### EXERCISE INSTRUCTIONS
Write each line out exactly, from the one containing "Il fallait donc, pour" through the final line of the data, and keep pictures out of the copy.
── INPUT MATERIAL
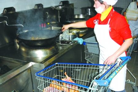 接到舉報后,市工商局執法局一處處長唐川當即帶隊前往楊家坪九龍廣場沃爾瑪超市實地調查,發現市民舉報屬實。唐川告訴記者,他趕到沃爾瑪超市熟食品加工區后發現,一名女員工正在用油炸的方式加工“樟茶板鴨”。在她身邊的垃圾箱旁,已堆放了一大堆板鴨的外包裝袋。據了解,這些包裝袋里的板鴨正是加工“樟茶板鴨”的原材料。唐川察看發現,這些包裝袋上顯示板鴨的出廠日期為2011年1月26日,保質期:“未開袋10天,開袋后24小時。”這意味著,這些作為“樟茶板鴨”原材料的袋裝板鴨早已過期。
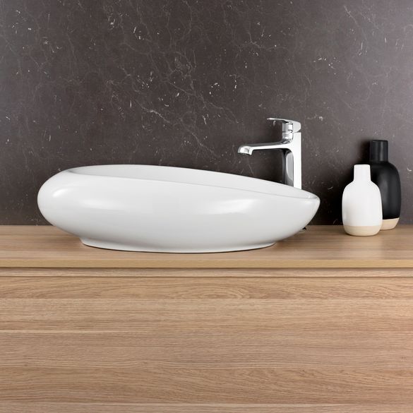 The Muze range features Caroma's first freestanding basin and encompasses dramatically smooth, sculptural forms and fluid curves that serve as a striking visual element, giving this basin range its signature looks and tangible sense of luxury. The above-counter version demonstrates a fusion of natural form and fine craftsmanship, featuring a stunning, asymmetric silhouette and streamlined form with a powerful tactile quality.
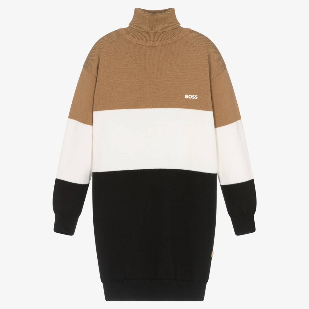 Stylish beige roll neck dress for teen girls by BOSS, striped in the brand's signature colourblock. A simplistic white logo is stamped on the chest for a logo-inspired look. It has a sleek roll neckline and stretchy ribbed trims for a comfortable style.
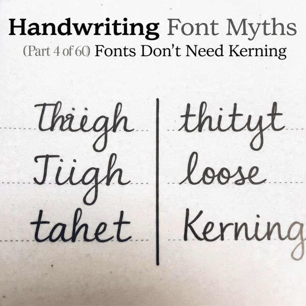 This myth is wrong in almost every particular, and it leads to fonts that look unfinished in ways that undermine whatever authenticity the designer was trying to achieve. Bad kerning in a handwriting font doesn’t read as natural variation. It reads as bad kerning. The eye is quite good at distinguishing between the two — even without the viewer being consciously aware of what they’re seeing.
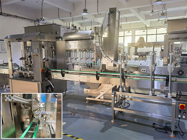 1L桶全自动灌装生产线的工作模式,主要依赖于PLC可编程软件设定,操作人员需要提前将所需灌装的参数规格、下料速度、重量多少、压盖力度等内容设定在显示屏幕当中,并将灌装的酱料备至在料箱内,启动颗粒酱灌装设备,搅拌系统将会按照设定的规格进入投产模式,搅拌系统内部的螺旋搅拌配置,会持续不断的对其进行正反双向搅拌,防止颗粒物料的沉淀,保持酱料的均匀性,软件输出将会按照程序设定,对容器进行自动进瓶、自动灌装、自动出瓶等操作,1L桶全自动灌装生产线的内部设定了活塞式定量配置,它能够精准、快速地将颗粒酱料以均匀输出模式送入容器内,随后,颗粒酱灌装设备则会进入上盖、压盖的后续操作。
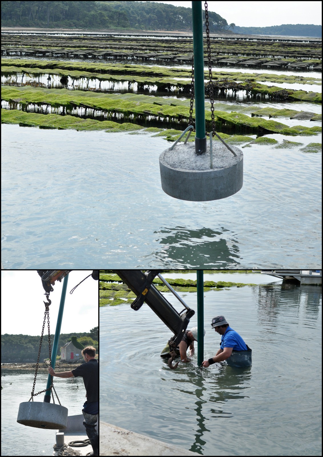 Il fallait donc, pour cette opération, des chalands avec des grues, qui seules pouvaient lever et poser ces corps morts. Les balises y avaient été vissées le matin même.
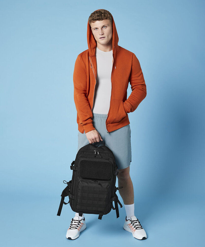 Military-inspired design. MOLLE webbing loop detail. Large main compartment. Padded laptop compartment, compatible up to 17". Full Rip-Strip™ front pocket for optimal decoration. Three large zipped front pockets. Dual tight-knit stretch mesh bottle pockets, capable of holding 750ml bottle shakers. Internal mesh pockets. Padded back panel. Large top carry handle. Compression straps. Ergonomically designed straps for everyday comfort. Fully adjustable chest strap. Compatible with Rip-Strip™ patches BG840 and BG841. Compatible with Modulr™ multi pockets BG241 and BG242. TearAway label for ease of rebranding.
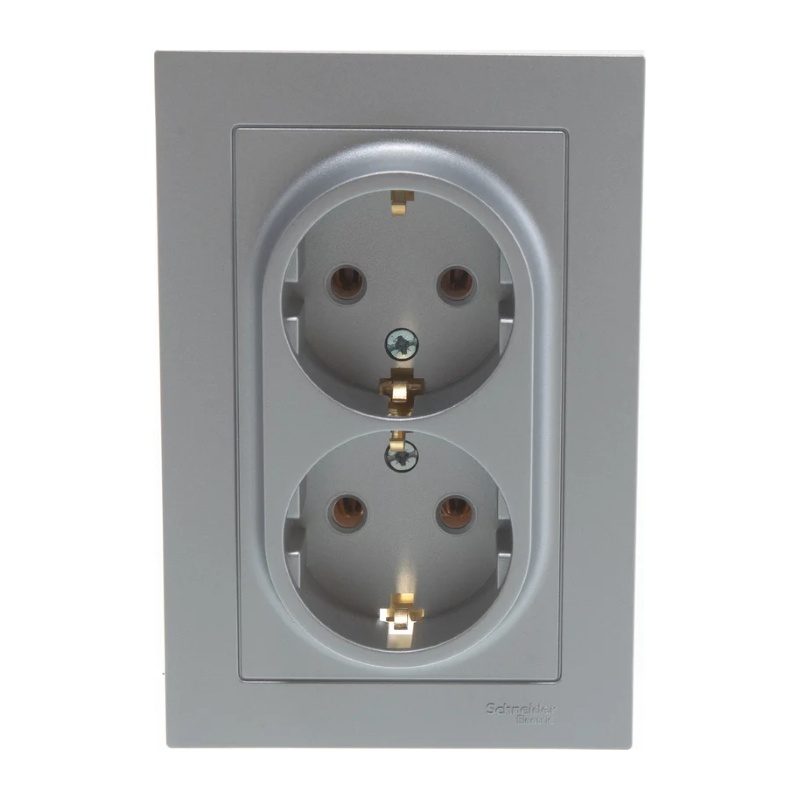 Розетка с/у Atlasdesign ATN000324, 2 гнезда, с/з, алюминий
────
### FINISHED TASK
 Il fallait donc, pour cette opération, des chalands avec des grues, qui seules pouvaient lever et poser ces corps morts. Les balises y avaient été vissées le matin même.
 Military-inspired design. MOLLE webbing loop detail. Large main compartment. Padded laptop compartment, compatible up to 17". Full Rip-Strip™ front pocket for optimal decoration. Three large zipped front pockets. Dual tight-knit stretch mesh bottle pockets, capable of holding 750ml bottle shakers. Internal mesh pockets. Padded back panel. Large top carry handle. Compression straps. Ergonomically designed straps for everyday comfort. Fully adjustable chest strap. Compatible with Rip-Strip™ patches BG840 and BG841. Compatible with Modulr™ multi pockets BG241 and BG242. TearAway label for ease of rebranding.
 Розетка с/у Atlasdesign ATN000324, 2 гнезда, с/з, алюминий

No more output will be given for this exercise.